One can distinguish the two by ear by following a simple method. A gong sounds like a slightly muffled church bell, producing a soft but clear note, whereas the tam-tam sounds much more like a large metal object being struck by a hard material.
There are many extremely common and well-known excerpts for most of the mallet instruments. Gershwin's Porgy and Bess remains the most requested xylophone excerpt at auditions, with Copland's Appalachian Spring, Kodály's Háry János Suite, and Kabalevsky's Colas Breugnon being other common choices, although the list is practically endless.
The glockenspiel has become a staple of the orchestra as well, and, as such, has had many important and difficult parts written for it. Dukas's The Sorcerer's Apprentice as well as Respighi's Pini di Roma are both extremely common excerpts on audition lists.
Another keyboard instrument used in the orchestra, as well as jazz, is the vibraphone. The most commonly requested excerpt for vibraphone at orchestral auditions is from Leonard Bernstein's "West Side Story." The "Little Blue Devil" movement from "Seven Studies on Themes of Paul Klee" by Gunther Schuller is also frequently requested.

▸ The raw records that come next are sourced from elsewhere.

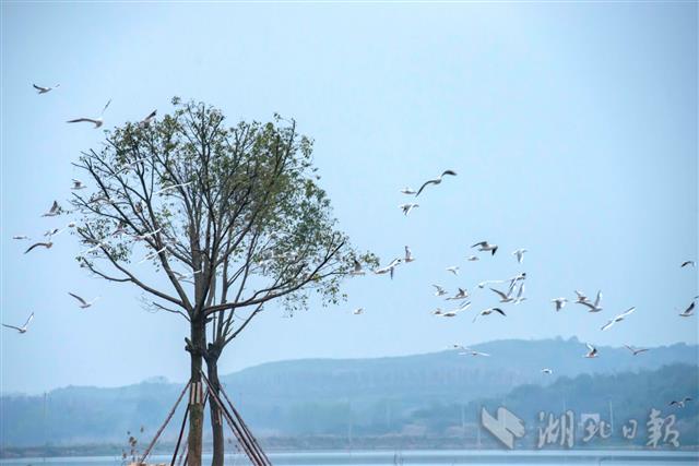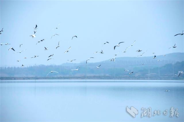 3月9日,在鄂州市东沟镇大桥村湖堤处,上千只红嘴鸥或在空中盘旋,或从水面掠过,引来众多游客围观。近年来,大桥村依托得天独厚的生态资源优势,大力发展乡村旅游,在打造网红景点的同时,也注重生态环境的保护,吸引了大量迁徙候鸟在此歇息。(视界网 胡战军 摄)
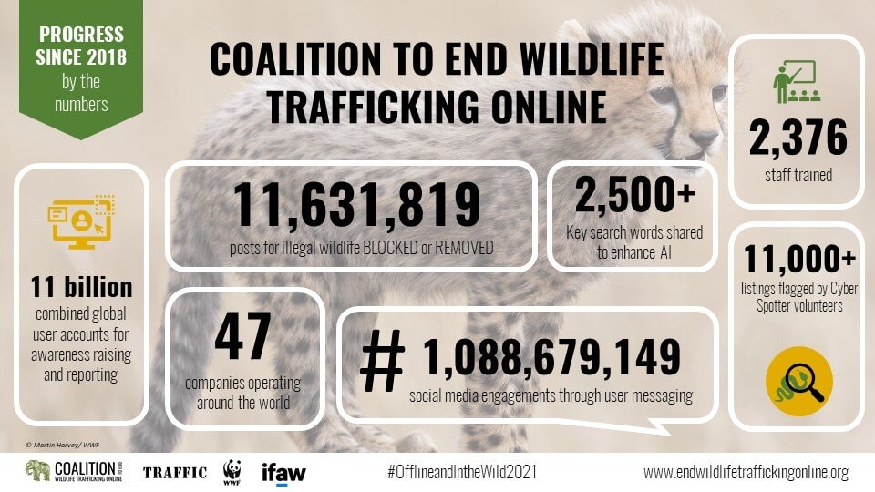 Spikes in illegal wildlife trafficking on Facebook, eBay, and various social media platforms have spurred the Coalition to hold these platforms accountable. To do this, the Coalition encourages these companies to provide more information about their efforts to stop illegal wildlife sales and train their moderators to spot illegal activity and coordinate with law enforcement.
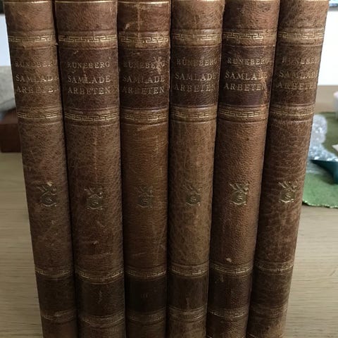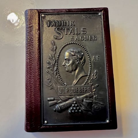 Kirja on yli 130 vuotta vanha. Siihen nähden kohtuullisessa kunnossa. Vuoden 1895 painoksen Runebergin Kuningas Fjalarista (1844) on kuvittanut Albert Edelfelt. Kirja saattaa olla nähtävillä Kansalliskirjastossa. Näitä ei taida montaa olla jäljellä.
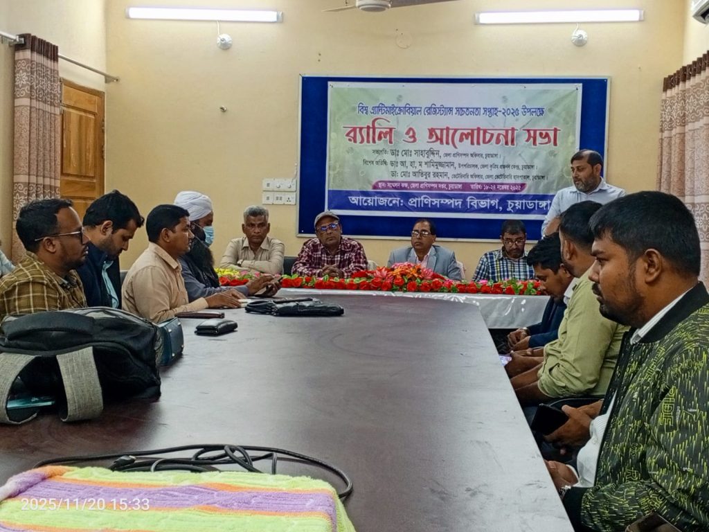 চুয়াডাঙ্গায় বিশ্ব এ্যান্টিমাইক্রোবিয়াল রেজিস্ট্যান্স সচেতনতা দিবস উপলক্ষে র্যালি ও আলোচনা সভা অনুষ্ঠিত হয়েছে। বৃহস্পতিবার বেলা ৩টায় চুয়াডাঙ্গা জেলা প্রাণিসম্পদ অফিস থেকে একটি র্যালি বের করা হয়। র্যালিটি শহরের বিভিন্ন সড়ক প্রদক্ষিণ করে একই স্থানে এসে শেষ হয়। র্যালি শেষে প্রাণিসম্পদ অফিসের সম্মেলন কক্ষে এক আলোচনা সভা অনুষ্ঠিত হয়। সভায় জীবননগর উপজেলা প্রাণী সম্পদ কর্মকর্তা ডাঃ সাইফুল ইসলামের সঞ্চালনায় সভাপতিত্ব করেন জেলা প্রাণিসম্পদ অফিসার ডাঃ সাহাবুদ্দিন।
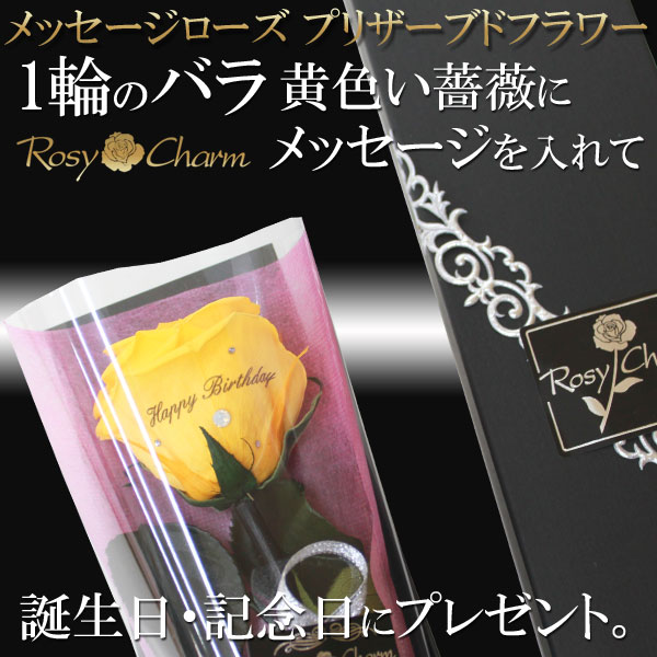 メッセージローズ プリザーブドフラワー (黄色のバラ)〜1輪のバラ〜 メッセージローズ プリザーブドフラワーは、1輪のバラの花びらに、メッセージが入れられるバラの贈り物です。
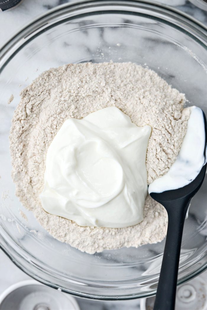 - Add in the yogurt and use a spatula to combine and shape into a ball.
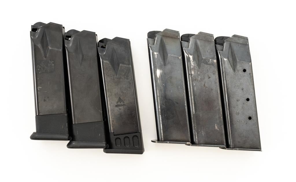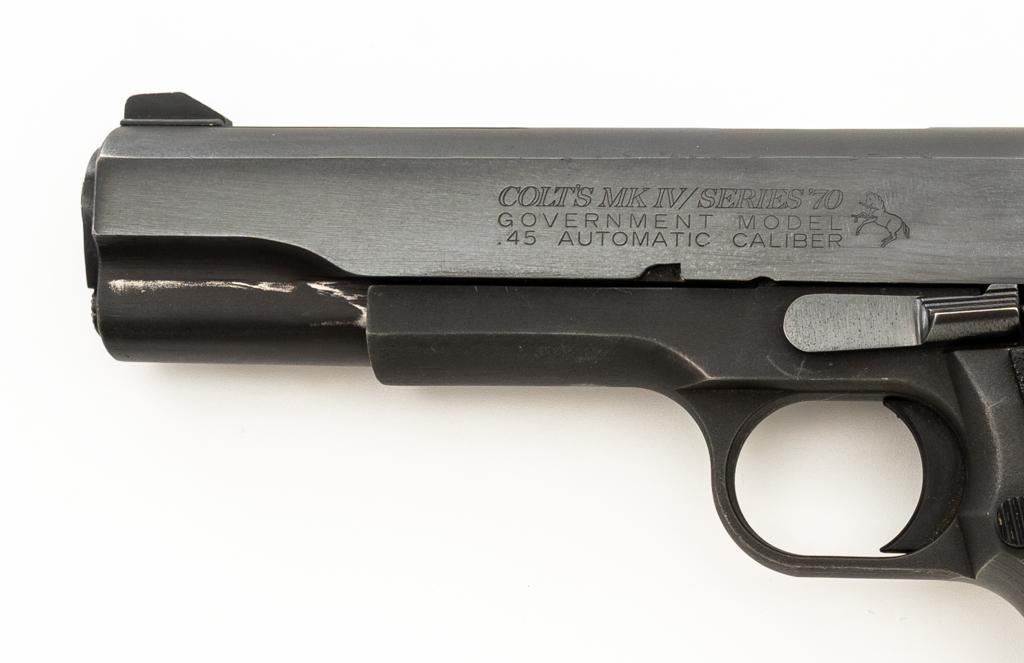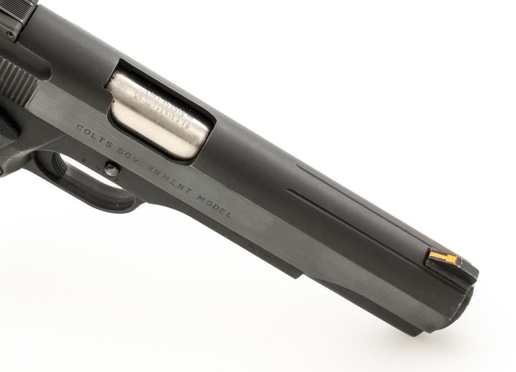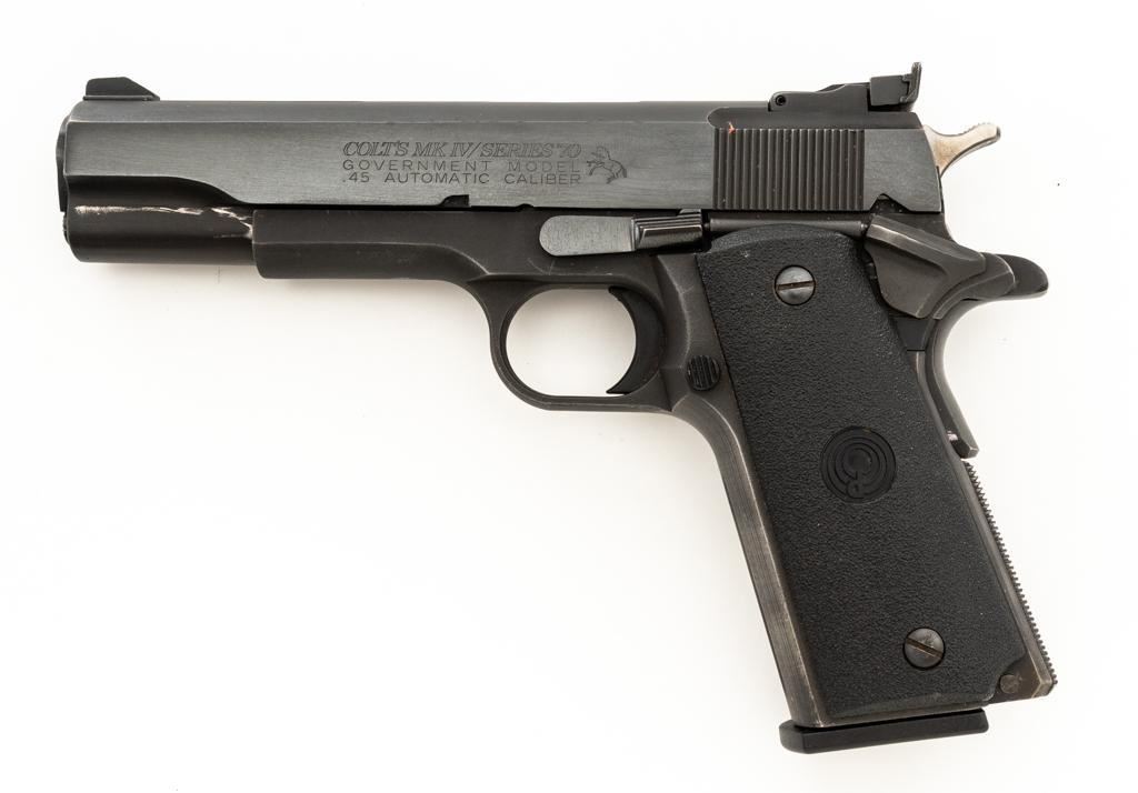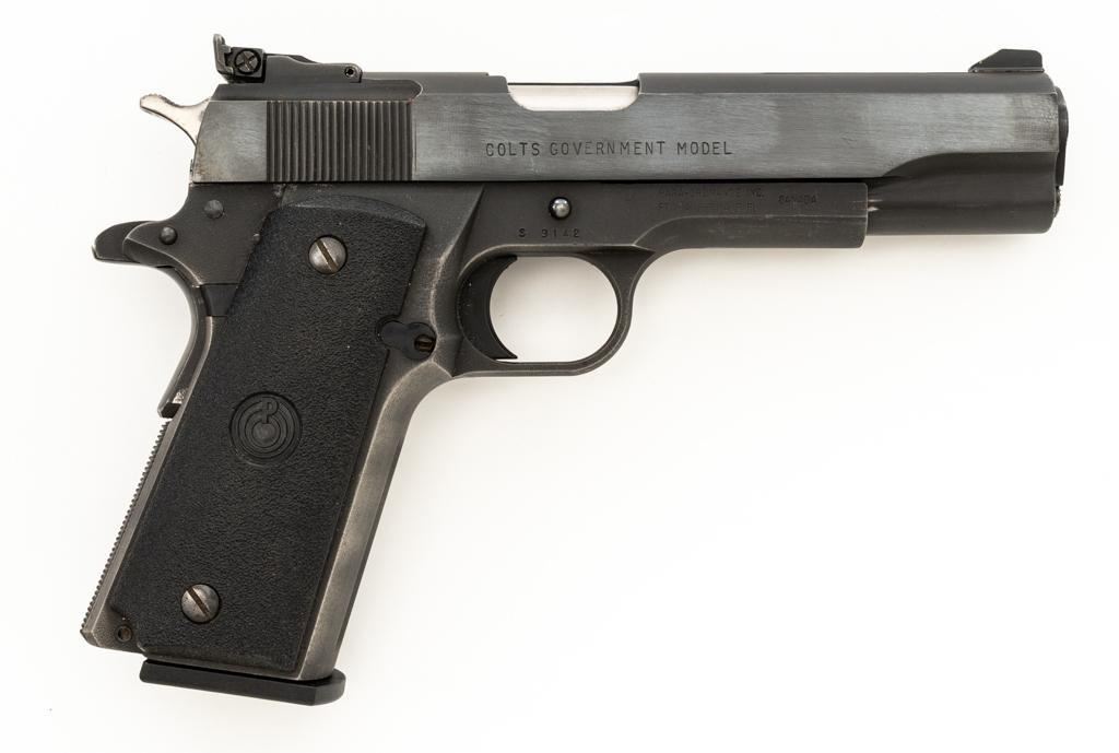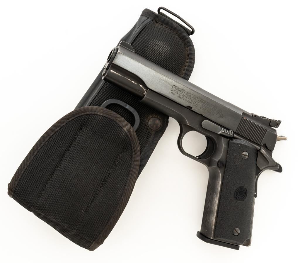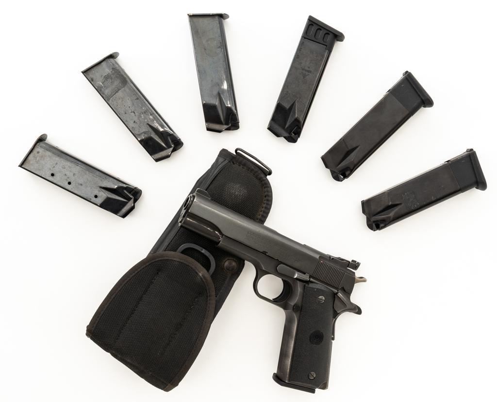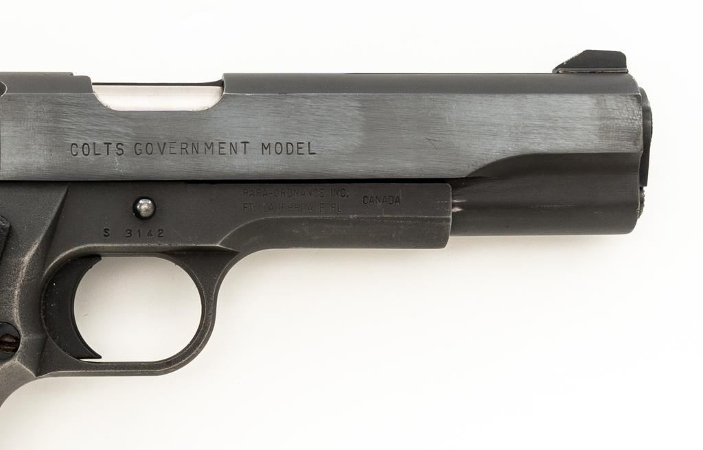 Custom Para-Ordnance 1911 Semi-Automatic Pistol with Colt Slide, #S3142, .45 ACP cal., 5'' barrel, blue finish, textured plastic two-piece Para Ordnance grips, Colt Series 70 Government Model slide, orange blade front, and white outline adjustable square-notch rear sight. Includes a Bianchi International ballistic nylon right hand flap holster, in very good condition. This pistol also comes with a total of seven (7) magazines; three (3) 14-round Para-Ordnance magazines, two (2) 10-round Mec-Gar magazines, and two (2) unmarked 10-round magazines. Pistol is in very good+ overall condition, retaining approx. 90%-95% blue finish on the slide. Frame retains approx. 88%-90% parkerized finish, with edgewear and handling marks. Grips with scattered minor handling marks. Action functions smoothly. Bore is very good with defined rifling. Est.: $600-$800. (Modern/PPT) (Magazines with a capacity greater than 10-rounds are not available for sale to CA residents or other states where such items are prohibited.)

In an orchestral setting, the concert bass drum plays an integral role in the overall feel of a piece of music. In orchestral literature, the bass drum usually deals more with coloring and shading the sounds of the orchestra as opposed to providing a solid, rhythmic foundation like in marching and drumset. The bass drum is usually used to accent strong points in the music and is often combined with a cymbal crash to further accentuate the moment. In fact, the two instruments are used in conjunction so often that many parts simply contain one rhythm and the composer then indicates which instruments are to play at which points.
Though the bass drum is possibly the least frequently requested instrument at auditions, it actually takes a fair amount of skill to play correctly. Given the number of variables that can change when playing the bass drum (beater, beating location, amount/type of muffling, stroke, etc.), a well-versed percussionist is usually required in order to obtain all the possible sounds from the instrument.
Some important excerpts for the bass drum in orchestral literature include Stravinsky's The Rite of Spring, Tchaikovsky's Symphony No. 4, Romeo and Juliet, and 1812 Overture, many of the Mahler symphonies (most notably his third), and Symphonie Fantastique by Hector Berlioz.
The snare drum is one of the most easily recognizable instruments in the entire percussion section. Also called the side drum, the snare drum is often used as a means of accenting rhythms from other families of instruments within the orchestra or as a soloistic type instrument, particularly in pieces that may have a "military" type theme or sound to them.
The snare drum works extremely well as an accentuating instrument. Tuned and played correctly, it can produce sounds ranging from quick, short, and snappy to thick, warm, whip-crack like accents. There are numerous examples in music of the snare drum being used in this fashion. One such example would be the fourth movement of Nikolai Rimsky-Korsakov's symphonic suite Scheherazade. In this particular example, the snare drum is used to accentuate the various crescendos and "hits" played by the rest of the orchestra. It is also used to reinforce the rhythms played by the trumpets throughout the movement.
As a soloistic instrument, the snare drum has certainly found its place in classical music. A fantastic example of this use of the snare drum would be the opening of Sergei Prokofiev's Lieutenant Kijé suite. After an opening trumpet solo, the snare drum plays a rather short, military-style solo at a pianissimo dynamic marking, designed to create a march-like feel. This particular part presents a number of problems for the orchestral percussionist, but its main difficulty lies in keeping the various rudiments (flams, four stroke ruffs, etc.) consistent at such a soft dynamic level.
Another difficult Snare Drum piece in classical music is:
Bolero (perhaps the most demanding due to the exposed nature, the same two measures repeated for about 15 minutes, driving the entire orchestra to the end).
Traditional rudimental solos that show a snare drummers technique include:
The Connecticut Halftime The Three Camps The Downfall of Paris
There has been a marked deviation from high sticking, traditional drumming to a forced low stick style. Various techniques of the snare drum include the moller method, the gladstone method and other lesser methods.
Crash cymbals have been used in an orchestral setting since the time of Mozart, when he adopted their sound from traditional Turkish bands to be used in his opera Abduction from the Seraglio. Since then, crash cymbals have become one of the most written for percussion instruments in classical music and they are easily one of the most recognized sounds within the orchestra.